Directions For Bands
I’ve seen a lot of bands. I’ve been in a few bands. I’ve realised at some recent gigs that some bands miss some of the basics on how to present themselves on stage. Here’s my take on some guidelines for bands. Not every single one needs to be followed but break more than a few and I think it’ll come over as a lack of experience (or rudeness):
- When the gig starts, you get announced, you step up on stage and immediately start playing at least one instrument. It matters not what, but something needs to kick off. Make a sound or a beat and have the audience be made aware that the gig has started; not tuning, not discussing which song, not having a drink, not sound checking. If you don’t sound right now then the soundperson should fix it from the desk.
- At the end of the first song, you say hello to the crowd over the top of the run-in to song two. A quick hi. Now is not the time to let people drift off - you’ve got to keep bringing them in.
- Don’t ever announce “That’s from our X album” - the audience that doesn’t care REALLY doesn’t care and those that do already know so don’t insult them.
- Playing 10 tracks? Play at least 9 your main audience can identify as faves.
- Playing 20 tracks? Play at least 17 your main audience can identify as faves. More than three tracks from your critically-panned-wildly-different-genre album if the gig hasn’t been billed as “an evening of music from our critically panned album” is not your band fulfilling your side of the deal.
- Smile.
- Swap instruments as little as possible (unless your schtick is that you are truly multi-instrumental). (Like, truly multi-instrumental). Generally, faff is bad.
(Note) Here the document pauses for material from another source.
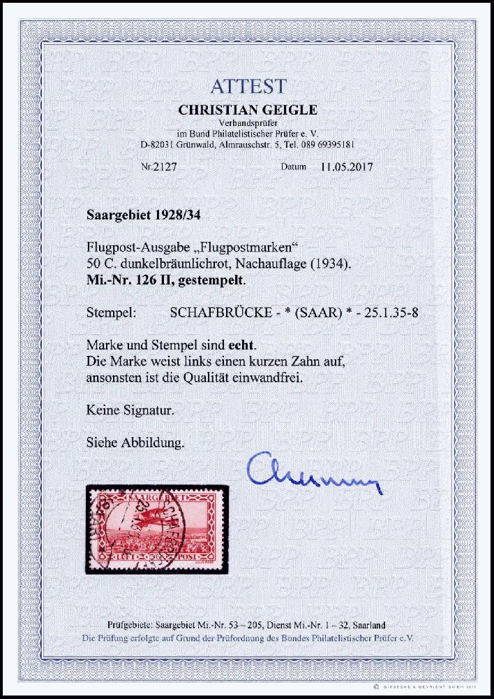 | Prüfgebiet: | Saargebiet (Mi-Nr. 1 - 205) |

- If a piece of music requires a special instrument, think about how you could either play many songs on that instrument OR play that solo/special bit on your normal instrument - the chances of you looking way less cool than you think you look are pretty high otherwise.
- Really question whether you need to ask the sound tech for anything during the gig. If they are good at their job they’re already fixing what isn’t working for you and if they aren’t good then you need a different technician for your next gig.
- Unless it’s rehearsed, you may only ask the lighting team for in-gig deviation from the lighting plan if it’s for house lights and it’s because someone in the crowd is having an emergency.
- Put on your big person pants - if you are anything other than choking then you don’t need some runner to bring you a fresh drink. If you forgot, that’s on you.
- Don’t argue with your band on stage. In-band banter whilst on the stage should be minimal (read none). Again, unless this is your schtick.
- Don’t chat football, politics or gossip. Don’t diss the venue, staff, security, other bands, the drummer, your sibling or your ex. You can thank the audience for coming in exceptional weather. Bonus if you have a song that relates to that weather or names their city.
- State two songs before the end that you have two songs to go, and that you’re not wasting a song’s space to pretend leave the stage. Be very clear that there will be no encore.
- Unless you are a covers band you are allowed one cover only. Check in advance with a few local fans if the one you’ve chosen will be okay - you don’t want to pick something super divisive.
- Use a silent tuner pedal.
- Stick to the agreed set list and set times. Turning up on stage early will create rage, and running over will just result in a flow of people having to get transport or whatever they have on next - don’t be that band.
- Each member can get a solo. You don’t need to name your band members - the lead singer waving their hand in the direction of the soloist and smiling will get the appropriate applause.
- Play your final two songs. Applause, bow, wave, shout a broad thank you like “thank you to everyone who made tonight happen” and exit the stage. Pre-arrange that your sound person will immediately put on exit music.
- Treat your fans nicely.
- You’re being paid - put on the best you can.
What’s your take on what bands should do to maintain a good stage presence?